No single characteristic of the mortgage application is assessed in isolation. emili looks at the overall picture, considers many factors and their interrelationship.

emili decisions are objective and consistent. It has assessed millions of applications since its inception in 1996.

The result is the ability to predict with a high degree of success which mortgage loan applications are likely to default.

An indicator of emili’s performance is demonstrated by a relatively low CMHC mortgage loan insurance arrears rate. The overall CMHC arrears rate as of September 30, 2014 was 0.34 per cent, consistent with year-end 2013.

emili can approve an application, as submitted, if it meets the predetermined CMHC risk parameters. If an application falls outside of the predetermined risk parameters, it is referred to a Residential Underwriter, located in offices across the country. The Residential Underwriter will look at the application in greater detail, including the borrower, the property, the housing market in which the property is located and the application’s characteristics as a whole, taking into consideration where the risk parameters were exceeded.

Following a review, the underwriter may seek clarifications or additional information or actions to determine whether the application can meet the risk parameters. This additional information may include a property appraisal, where appropriate. Additional actions may include an increase in the down payment or a decrease in the loan amount.

The application may not be approved if the risk parameters cannot be met.

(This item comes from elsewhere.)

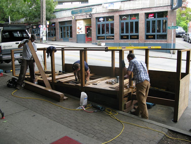 As US urban activist and writer Jane Jacobs explained so powerfully, cities need more than parks and plazas: commercial activity is a crucial component of public life. Cafes are increasingly important sites for community interaction as other places for local exchange disappear, including banks, post offices, corner delis and newsagents, on top of the local hardware, haberdashery and other specialist shops lost to competition from larger retailers and the digital marketplace. Parklets present some hope for walkable, local commerce.

Regarding the property risk assessment, first and foremost, CMHC looks at the specific characteristics of the property in question and uses different information sources. This includes:

  • the physical characteristics of the property (like square footage, lot size, age, style of the home, etc.)
  • the municipal property tax assessment
  • historical and current sales activity within the local housing market, and
  • prior sales activity of the property being assessed, when available.